24-04-2017 15:45
Trzydniowy maraton egzaminacyjny już za nami. Tak twierdzą z ulgą najstarsi gimnazjaliści Chopina. W poniedziałek 19 kwietnia pisaliśmy test z nauk humanistycznych, we wtorek z przyrodniczych oraz matematyki, w środę zaś z języków obcych na poziomie podstawowym oraz rozszerzonym. Zdecydowana większość przystąpiła do egzaminu z języka angielskiego, jednak troje uczniów zdecydowało się pisać go z języka niemieckiego.
Egzaminy gimnazjalne są dla nas niezwykle ważne ze względu na fakt, że ich wyniki będą brane pod uwagę przy rekrutacji do szkoły ponadgimnazjalnej. Procedury ich przeprowadzania były bardzo szczegółowe, każdy arkusz musiał zostać przez nas zakodowany, a wybrane odpowiedzi przeniesione na specjalną kartę odpowiedzi. Trzeba przyznać, że już ta część przynosiła wiele stresu, jednak dzięki pomocy nauczycieli zasiadających w komisji wszystko szło sprawnie i zgodnie z planem.
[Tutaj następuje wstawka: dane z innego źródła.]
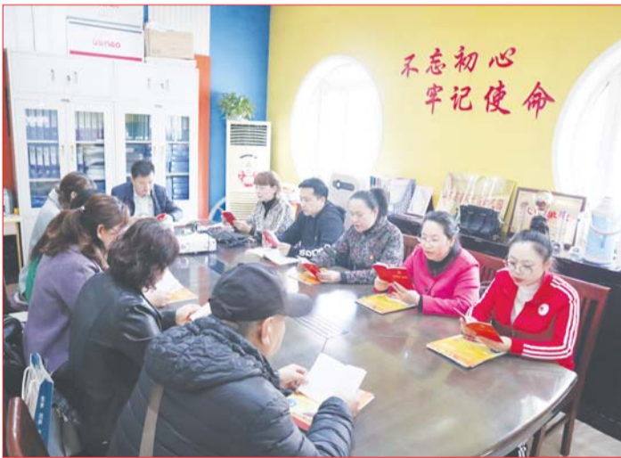
主题党日诵读党章

集团化办学是促进教育均衡发展,办人民满意教育的重要举措之一。济南市历城区钢城幼教集团自2018年成立以来,始终不忘初心,紧紧围绕办人民满意的教育为中心任务,真抓实干、担当落实,创建了“用心养育,爱暖钢城”的党建特色品牌,不断满足片区居民的入园需求,并引领着集团各所幼儿园走出了一条属于自己的教育之路。

Na napisanie każdego egzaminu mieliśmy godzinę zegarową, jedynie na te z języka polskiego oraz matematyki przeznaczone było półtorej godziny, ze względu na zadania otwarte oraz pracę pisemną (w tym roku rozprawkę). Często zdarzało się jednak, że opuszczaliśmy salę przed wyznaczonym czasem. Opinie o poziomie trudności testów były podzielone. Jednym część historyczna przysporzyła więcej problemów niż część przyrodnicza, innym język angielski. Zgodnie stwierdziliśmy jednak, że egzamin z języka polskiego okazał się o wiele łatwiejszy niż rozwiązywane przez nas testy próbne, a zadania z biologii oraz chemii o wiele trudniejsze.
Nasi starsi koledzy zawiesili poprzeczkę bardzo wysoko w poprzednim roku, jednak mierzymy jeszcze wyżej. Jesteśmy pewni, że nasza ciężka praca przez niecałe trzy lata nauki w Chopinie nie pójdzie na marne. Zostaliśmy wspaniale przygotowani, nierzadko zostawaliśmy z nauczycielami po lekcjach i omawialiśmy tematy, które wymagały jeszcze powtórzenia. Dzięki temu wchodziliśmy na salę bez zbędnych nerwów, lecz z wiarą w osiągnięcie sukcesu. O tym, czy nie zawiedziemy pokładanych w nas nadziei naszych rodziców i nauczycieli oraz oczywiście naszych własnych oczekiwań, dowiemy się 16 czerwca.